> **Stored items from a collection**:
--- START ---

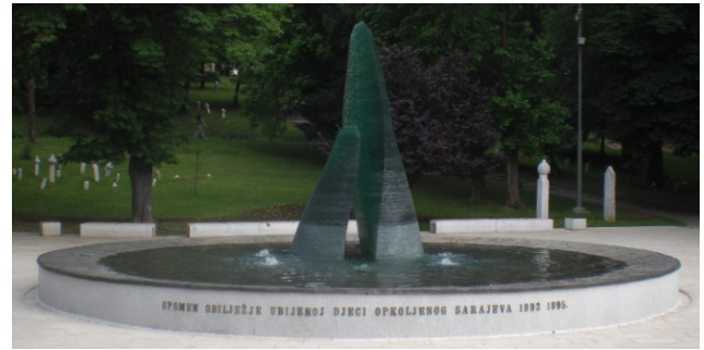
Figure 1. Memorial dedicated to the Bosnian War and siege in Sarajevo, 1992–1995, located outside Veliki Park
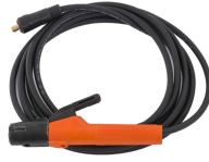
Welding cable 5 m 16 mm 2

The Flexlite TX torches are designed for use with Kempfi's TIG welding machines. The torch range includes several neck models, offering superb cooling performance and good access to challenging joint designs.
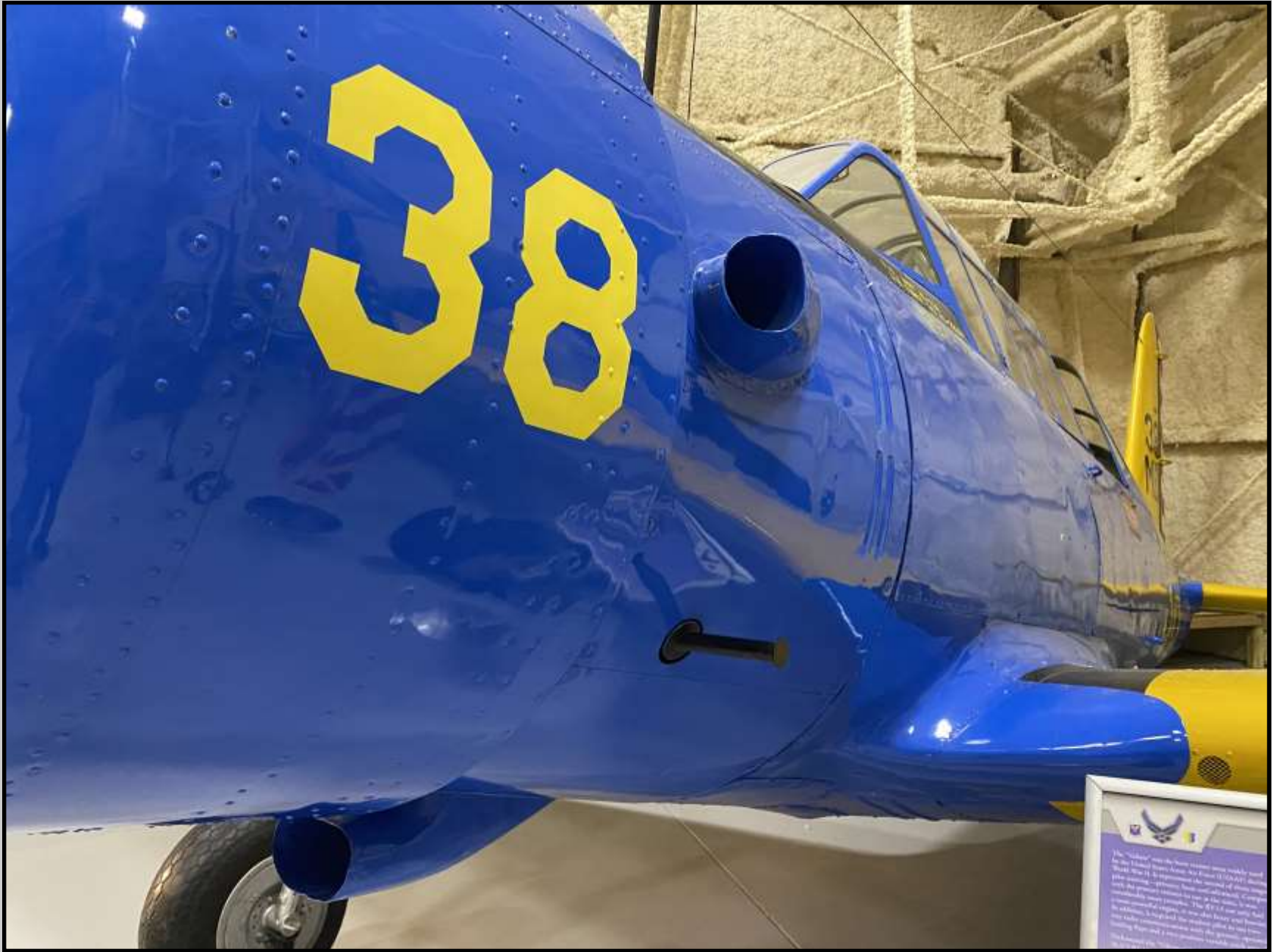
The "Mustang" was the most common single-engine fighter used by the United States Army Air Corps (USAAC) during World War II. It represented the zenith of design and performance for a single-engine fighter, a combination of speed, altitude, and maneuverability that was unmatched. The P-51's most notable contribution was its exceptional range. The P-51's most notable contribution was its exceptional range. The P-51's most notable contribution was its exceptional range.
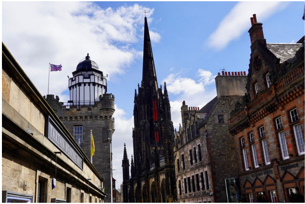
Looking down the street. The street name changes four times but is the same relatively straight downhill street.

I like the justice system for determining witches. If accused, you were tied up and thrown into a swampy lake. If you sank (and drowned) you were innocent. If you floated, you were guilty of being a witch and burned at the stake.
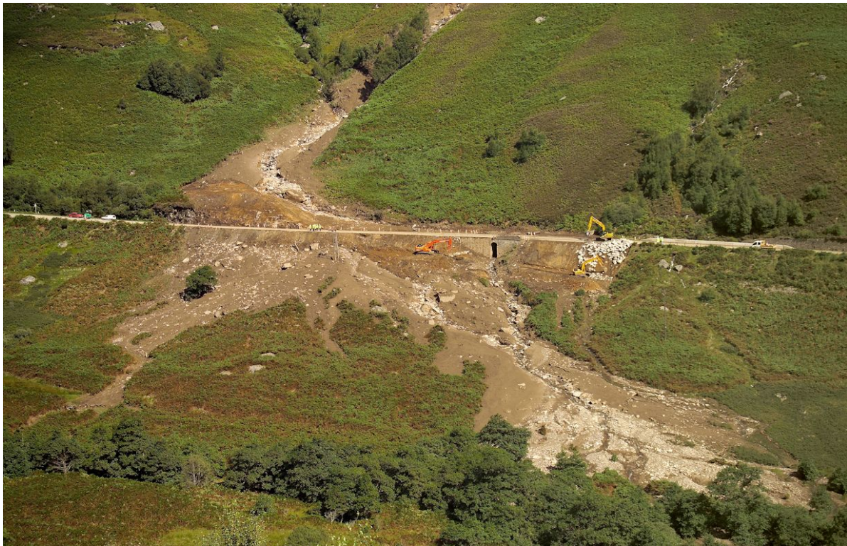
Figure 4 A85 Debris Flow at Glen Ogle. 57 people were trapped in their cars
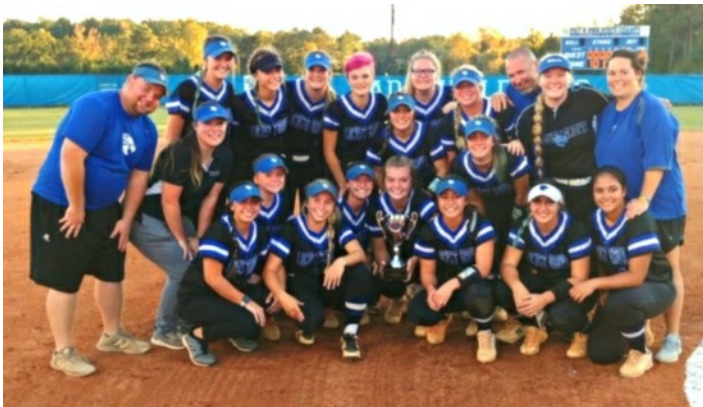
5A: Locust Grove
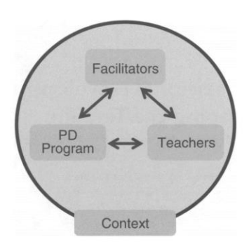
Figure 1: Elements of a professional development system (Borko, 2004).

The field of education is ever changing as a result of new policy and new research-based approaches to teaching and learning. These constant shifts in the field often force schools and school districts to constantly update their professional learning goals for teachers (Elmore, 2004). Due to constant shifts in the field and the varying needs of teachers, not every form of professional development is relevant to all teachers. Therefore, there is a need to study and identify alternative approaches to professional development to supplement conventional professional learning that teachers receive, with the goal of meeting their varying needs of teachers and, in turn, the educational needs of their student populations.
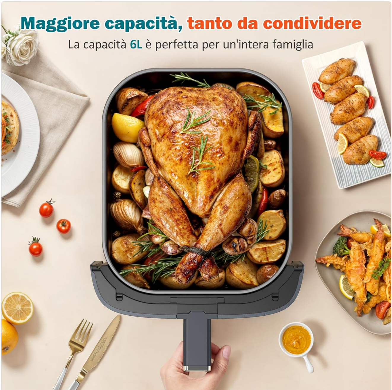
Figure 3: Large 6L Capacity for Family Meals

La capacità 6L è perfetta per un'intera famiglia
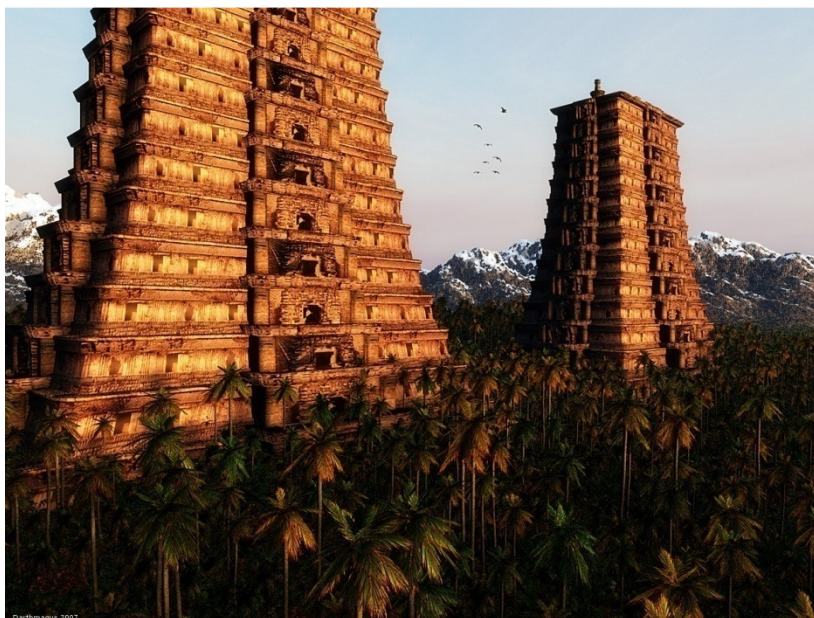
Legion of Breskain temples to the God of Man, on Pramas, 372 Imperial.

The Black'n'Reds position as honest brokers and disinterested outsiders 'with only the universal needs of all humaniti in mind' provided a foundation of trust between them and the largely mixed Vilani locals. This impartiality before Vilani & Solomani was actually genuine: the Yileans find both major human races admirable, for different reasons. For their part, the local human insurgents were also dazzled by the Yilean mystique: as of 364, the distant, tightly organized Second Empire of Gashikan has been ruling over a thousand systems for 2,000 years, utterly exterminating the Vargr within their extensive borders.
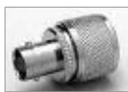
UG-273/U Adapter UHF (M) to BNC (F)
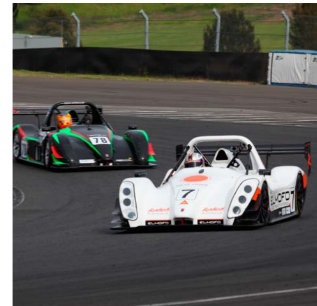
The fight of the future: electric versus fossil fuel-derived power.

It remains to be seen where team ELMOFO can take the new technology in 2014 but it would appear to be something of a sign of things to come.
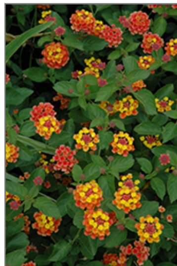
Landmark Citrus Lantana flowers
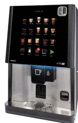
External MDB payment module
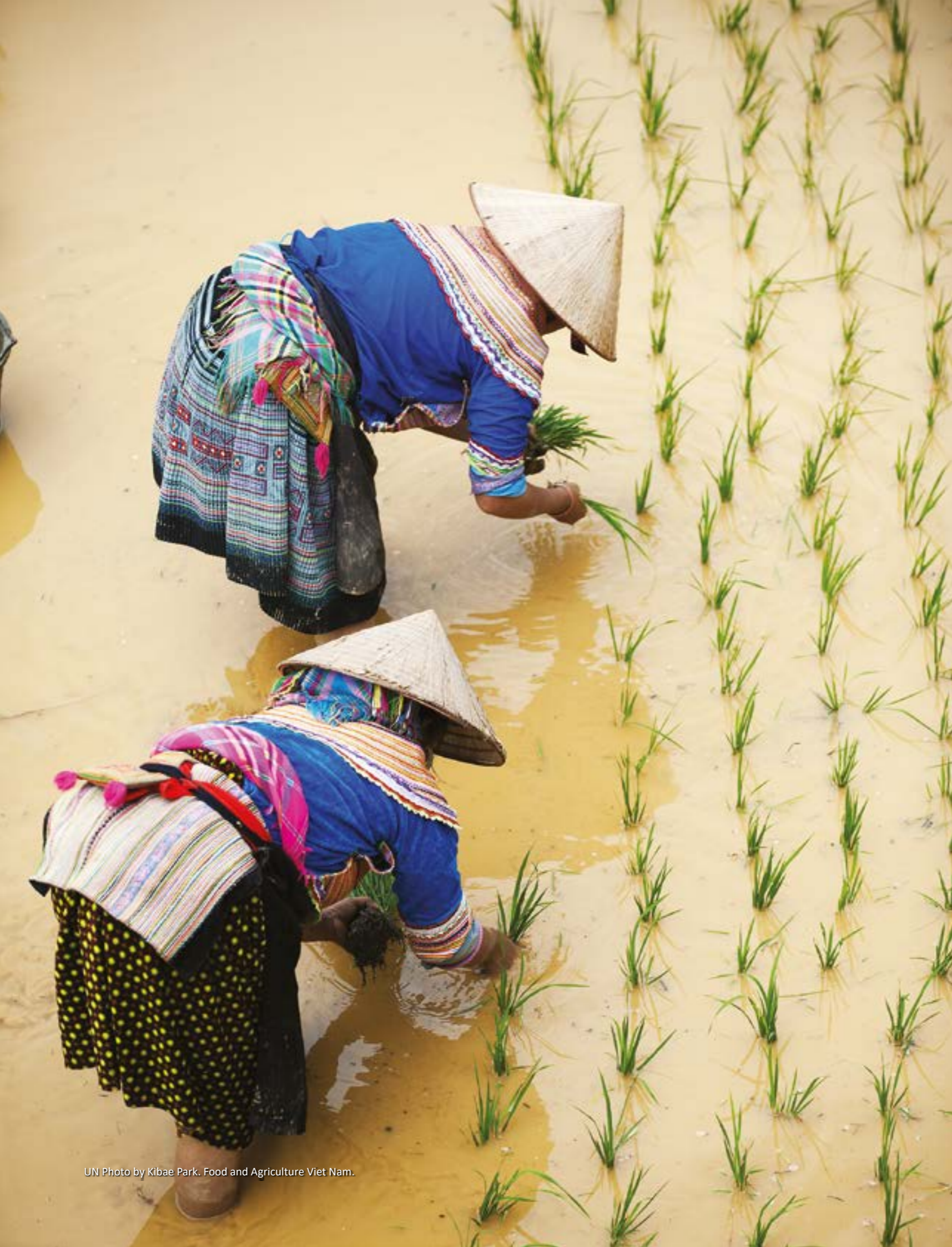
Food and Agriculture Viet Nam.

Proximity, nevertheless, also occurs, if there is political will and the proper support. A characteristic of SSC is precisely peer-learning , a focus on exchange, being together and dialoguing, which does not require much financial support but does require political will. Indeed, “[p]articularly at a time of global austerity, SSC shows mutual complementarities
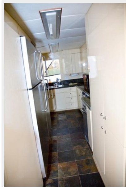
23 _1983 90ft Defever 90 Ocean Trawler KAMAHELE
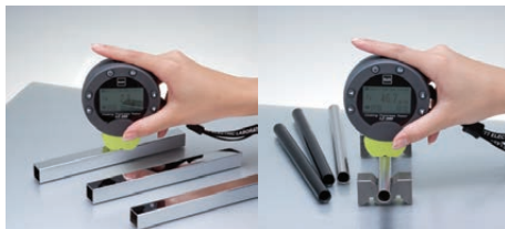
Measurement example of the square pipe and the pipe

--- END ---

> **WORK REQUIRED**: Using the data above, return each line that includes the word "there".

> **EXERCISE RESPONSE**:
The field of education is ever changing as a result of new policy and new research-based approaches to teaching and learning. These constant shifts in the field often force schools and school districts to constantly update their professional learning goals for teachers (Elmore, 2004). Due to constant shifts in the field and the varying needs of teachers, not every form of professional development is relevant to all teachers. Therefore, there is a need to study and identify alternative approaches to professional development to supplement conventional professional learning that teachers receive, with the goal of meeting their varying needs of teachers and, in turn, the educational needs of their student populations.
Proximity, nevertheless, also occurs, if there is political will and the proper support. A characteristic of SSC is precisely peer-learning , a focus on exchange, being together and dialoguing, which does not require much financial support but does require political will. Indeed, “[p]articularly at a time of global austerity, SSC shows mutual complementarities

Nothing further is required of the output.